(To do) Retype all data exactly as given. Pictures should not be retyped.

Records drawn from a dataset
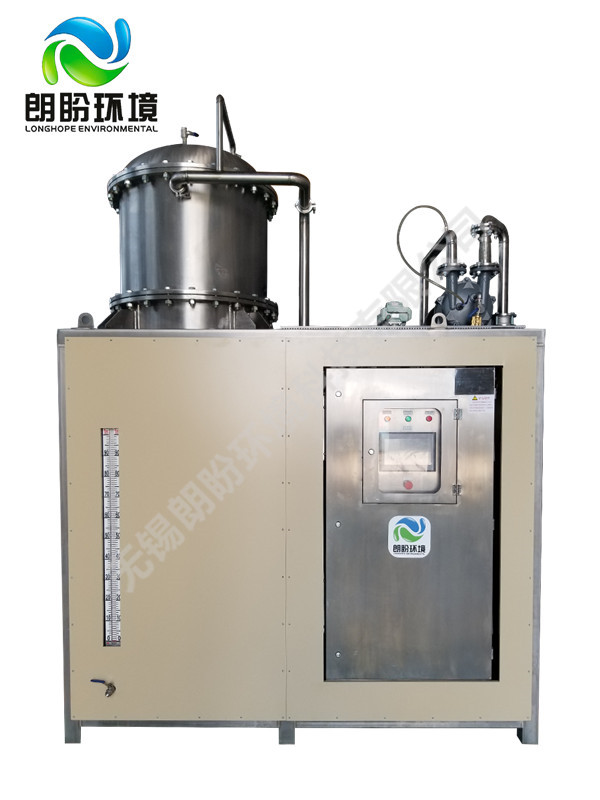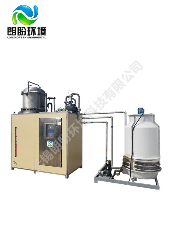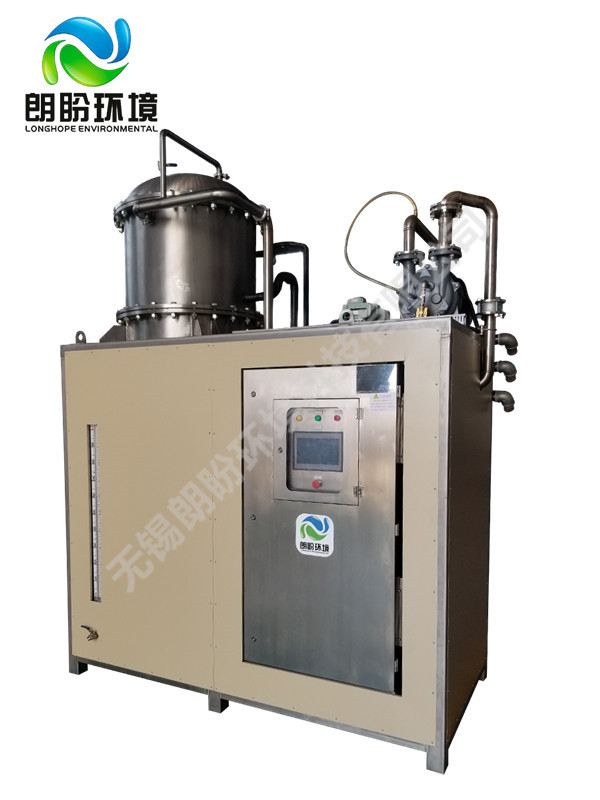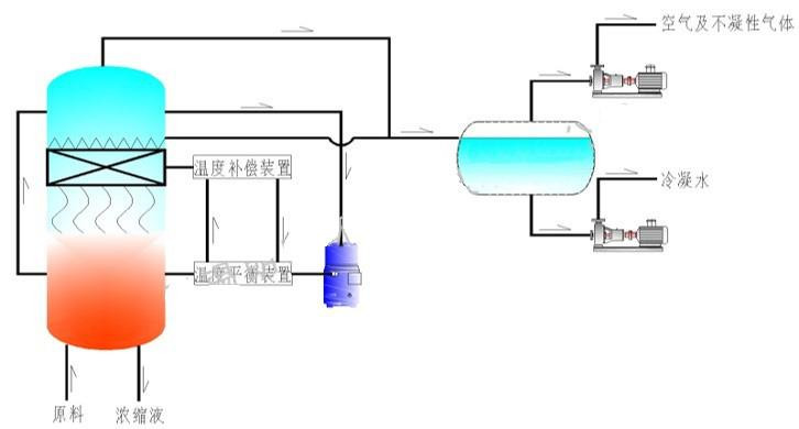 低溫蒸發(fā)結晶器的原理是物料的沸點隨著壓強的降低而降低。低溫節(jié)能濃縮設備整體保持真空狀態(tài),蒸發(fā)室的真空度約為95%~97%,在此壓強下水的沸點為35℃~37℃,系統(tǒng)無需配備進料泵,利用蒸發(fā)室的負壓將物料吸進蒸發(fā)室,通過強制循環(huán)方式將物料循環(huán)霧化,傳輸至換熱器上,物料中水分被蒸發(fā),物料連續(xù)循環(huán)霧化,通過蒸發(fā)室液位自動補料,濃度達到要求后作為濃縮液排出設備。濃縮液一般粘度較大,需采用泵抽出。
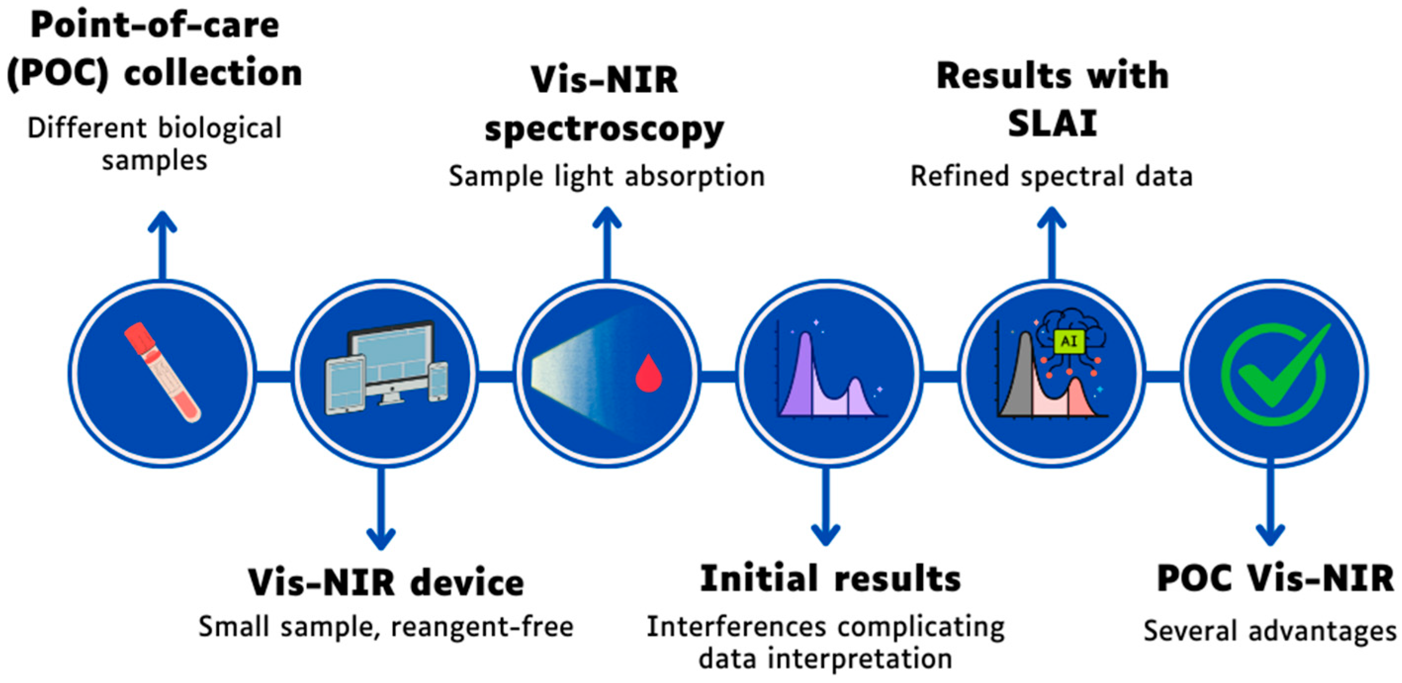 In this context, the convergence of Vis-NIR spectroscopy and POC testing represents a step forward in diagnostic innovation, combining speed and accessibility, as Vis-NIR-based POC systems have demonstrated the ability to provide real-time clinical parameters from micro-volumes of samples, with minimal preparation and high efficiency [
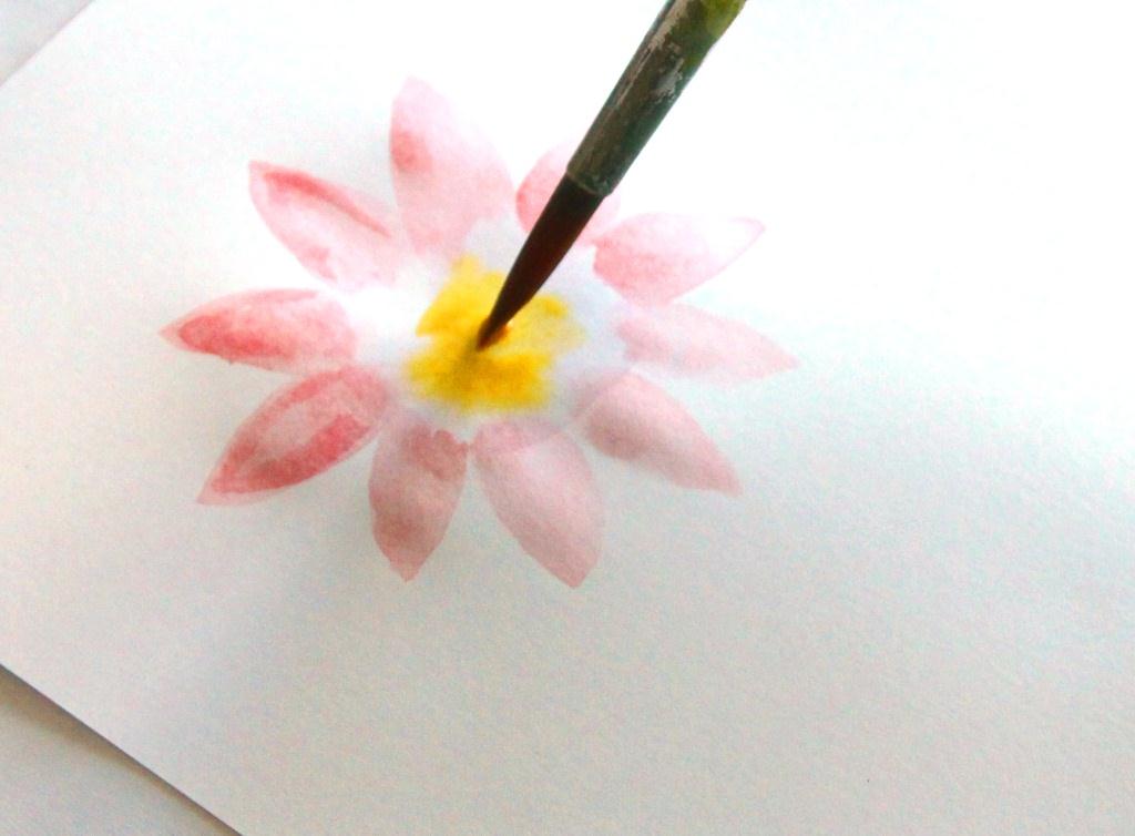 Schilder het hart van de bloem. Maak daarvoor een schoon penseel nat en strijk ermee over de plek waar het hart moet komen. Dip het penseel nu in de gele verf en schilder het hart. Door het papier van tevoren vochtig te maken, vloeit de gele waterverf mooi uit waardoor je geen scherpe randjes in het bloemhartje krijgt.
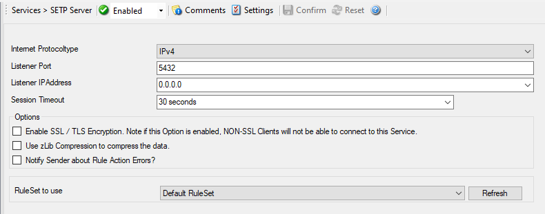 The SETP server service can be bound to a specific IP Address. You can either use an IPv4, an IPv6 Address, or a Hostname that resolves to an IPv4 or IPv6 Address. This feature is useful for multihome environments where you want to run different Syslog Servers on different IP Addresses. Please note that the default IP Address 0.0.0.0 means ANY IP Address.
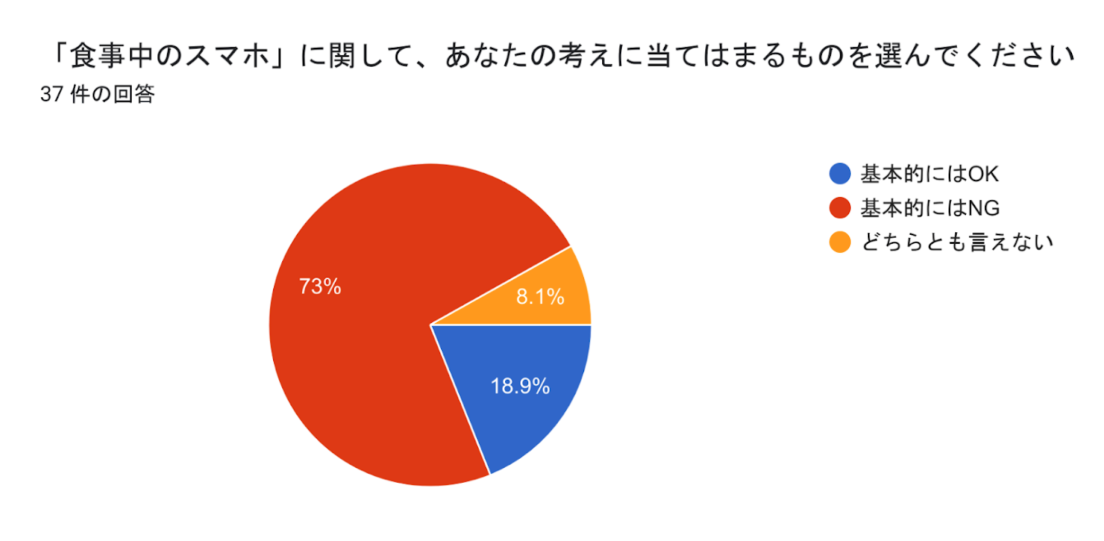 まず、「食事中のスマホ」に対する考えを尋ねたところ、7割以上の人が「基本的にはNG」と考えていることが分かりました。
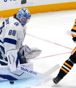 Moser deu ao Lightning uma vantagem de 1 a 0 faltando 5:47 para o fim do terceiro período. Yanni Gourde trouxe o disco para a direita e chutou para Siloves, que o goleiro segurou contra as almofadas. Mas Pak Rolou e deitou na frente e Moser patinou.
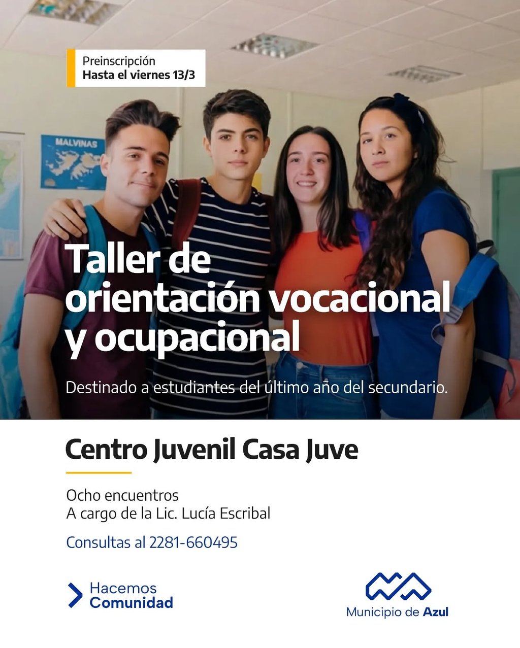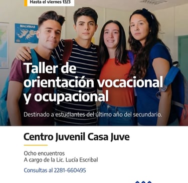 El Municipio de Azul informa que hasta el viernes 13 está abierta la inscripción para el Taller de orientación vocacional y ocupacional que se dicta en el Centro Juvenil “Casa Juve”.
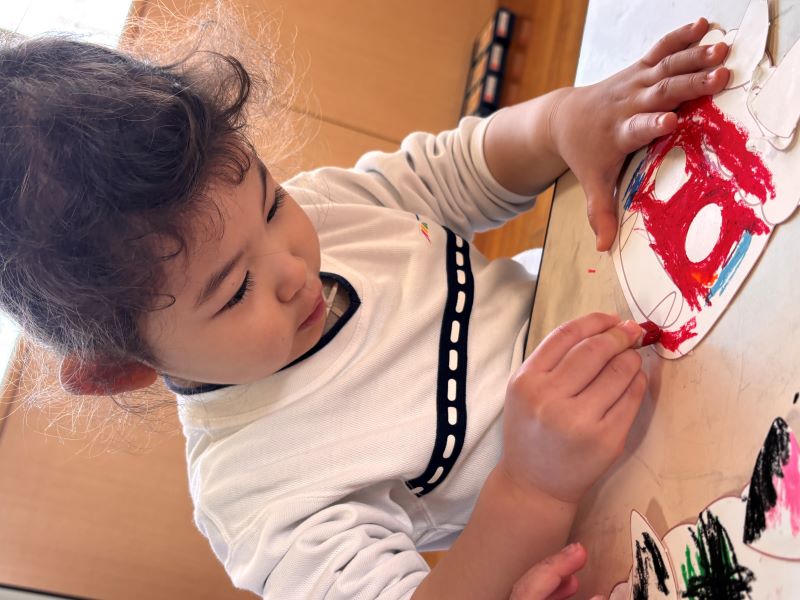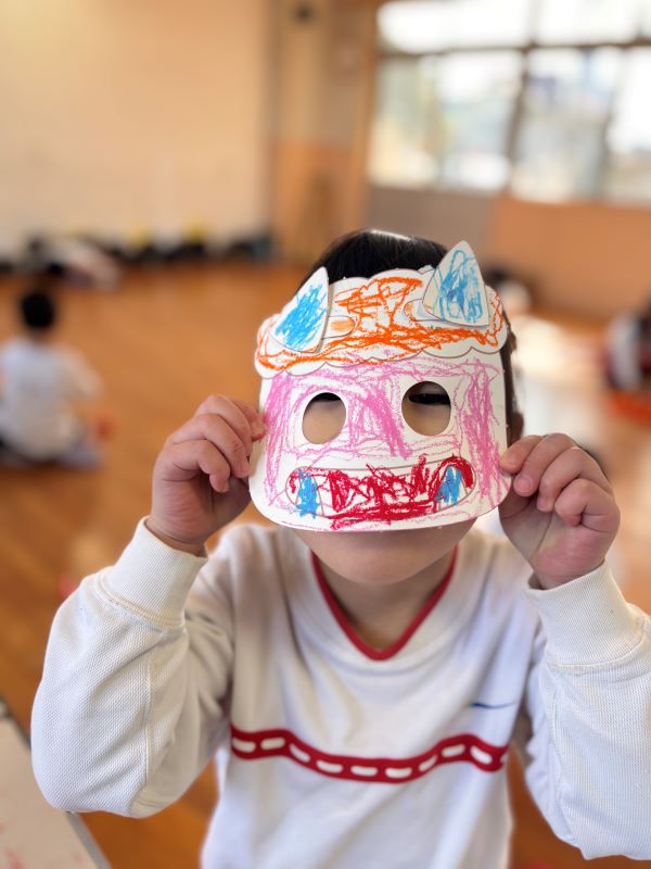 節分に向けて、鬼のお面製作です。好きな色を選んで、力強く色塗りしました❗「あかおに・にじいろおに」等、色々な鬼さんが完成し、鬼退治の準備万端です⭐
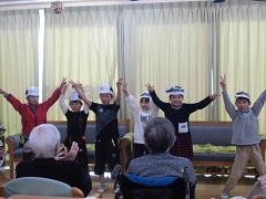 1年生は杉の樹園、2年生がなごみでした。1年生は歌を歌ったり、肩たたきや握手などをして、元気な姿をお見せしてきました。2年生は鍵盤ハーモニカやカスタネットなどの演奏や、桜川の生きものについて発表しました。一緒に折り紙もして楽しい時間を過ごしました。低学年の子どもたちのやさしさやかわいさに高齢者のみなさんも満面の笑みで喜んでいただけたようです。
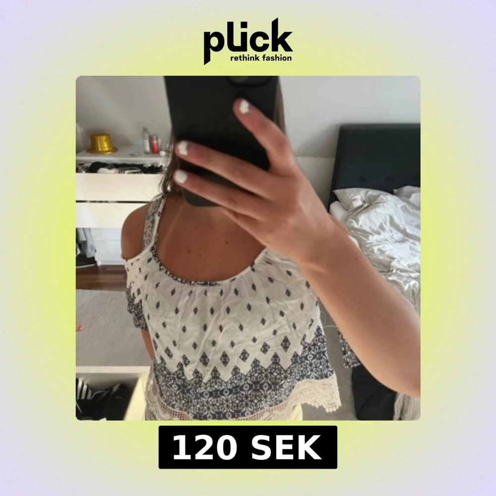 Säljer en söt croppad blus i vitt med blått mönster och tunna axelband. Blusen har fina spetsdetaljer och volang längst ner, perfekt för varma dagar.
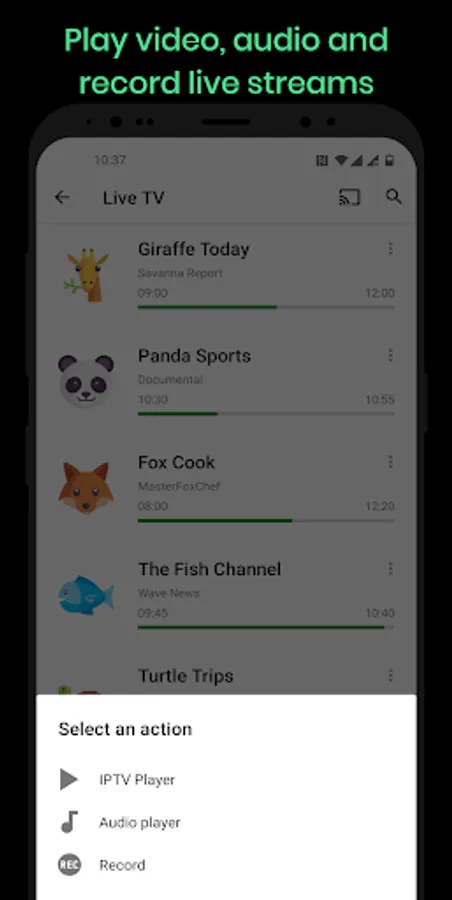 ⚡ Save your favorite channels, record live streams or send content to Chromecast. Dimplay is designed for you, please give us feedback to keep improving.
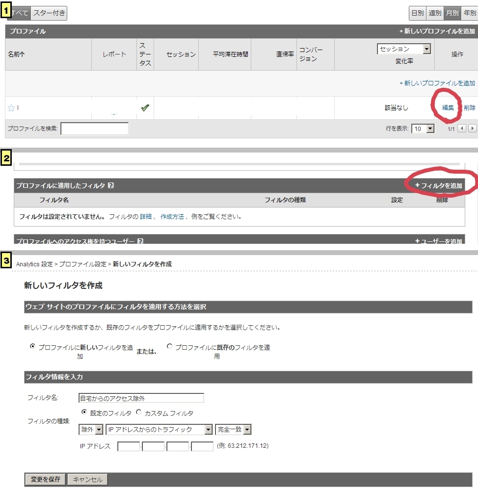 Google Analyticsで特定のIPを除外する方法。 1 プロファイル一覧から「編集」をクリック。 2 「フィルタを追加」をクリック。 3 新しいフィルタを追加 という項目がでるのでそこから自由に設定可能です。

(Task answer)
 低溫蒸發(fā)結晶器的原理是物料的沸點隨著壓強的降低而降低。低溫節(jié)能濃縮設備整體保持真空狀態(tài),蒸發(fā)室的真空度約為95%~97%,在此壓強下水的沸點為35℃~37℃,系統(tǒng)無需配備進料泵,利用蒸發(fā)室的負壓將物料吸進蒸發(fā)室,通過強制循環(huán)方式將物料循環(huán)霧化,傳輸至換熱器上,物料中水分被蒸發(fā),物料連續(xù)循環(huán)霧化,通過蒸發(fā)室液位自動補料,濃度達到要求后作為濃縮液排出設備。濃縮液一般粘度較大,需采用泵抽出。
 In this context, the convergence of Vis-NIR spectroscopy and POC testing represents a step forward in diagnostic innovation, combining speed and accessibility, as Vis-NIR-based POC systems have demonstrated the ability to provide real-time clinical parameters from micro-volumes of samples, with minimal preparation and high efficiency [
 Schilder het hart van de bloem. Maak daarvoor een schoon penseel nat en strijk ermee over de plek waar het hart moet komen. Dip het penseel nu in de gele verf en schilder het hart. Door het papier van tevoren vochtig te maken, vloeit de gele waterverf mooi uit waardoor je geen scherpe randjes in het bloemhartje krijgt.
 The SETP server service can be bound to a specific IP Address. You can either use an IPv4, an IPv6 Address, or a Hostname that resolves to an IPv4 or IPv6 Address. This feature is useful for multihome environments where you want to run different Syslog Servers on different IP Addresses. Please note that the default IP Address 0.0.0.0 means ANY IP Address.
 まず、「食事中のスマホ」に対する考えを尋ねたところ、7割以上の人が「基本的にはNG」と考えていることが分かりました。
 Moser deu ao Lightning uma vantagem de 1 a 0 faltando 5:47 para o fim do terceiro período. Yanni Gourde trouxe o disco para a direita e chutou para Siloves, que o goleiro segurou contra as almofadas. Mas Pak Rolou e deitou na frente e Moser patinou.
 El Municipio de Azul informa que hasta el viernes 13 está abierta la inscripción para el Taller de orientación vocacional y ocupacional que se dicta en el Centro Juvenil “Casa Juve”.
 節分に向けて、鬼のお面製作です。好きな色を選んで、力強く色塗りしました❗「あかおに・にじいろおに」等、色々な鬼さんが完成し、鬼退治の準備万端です⭐
 1年生は杉の樹園、2年生がなごみでした。1年生は歌を歌ったり、肩たたきや握手などをして、元気な姿をお見せしてきました。2年生は鍵盤ハーモニカやカスタネットなどの演奏や、桜川の生きものについて発表しました。一緒に折り紙もして楽しい時間を過ごしました。低学年の子どもたちのやさしさやかわいさに高齢者のみなさんも満面の笑みで喜んでいただけたようです。
 Säljer en söt croppad blus i vitt med blått mönster och tunna axelband. Blusen har fina spetsdetaljer och volang längst ner, perfekt för varma dagar.
 ⚡ Save your favorite channels, record live streams or send content to Chromecast. Dimplay is designed for you, please give us feedback to keep improving.
 Google Analyticsで特定のIPを除外する方法。 1 プロファイル一覧から「編集」をクリック。 2 「フィルタを追加」をクリック。 3 新しいフィルタを追加 という項目がでるのでそこから自由に設定可能です。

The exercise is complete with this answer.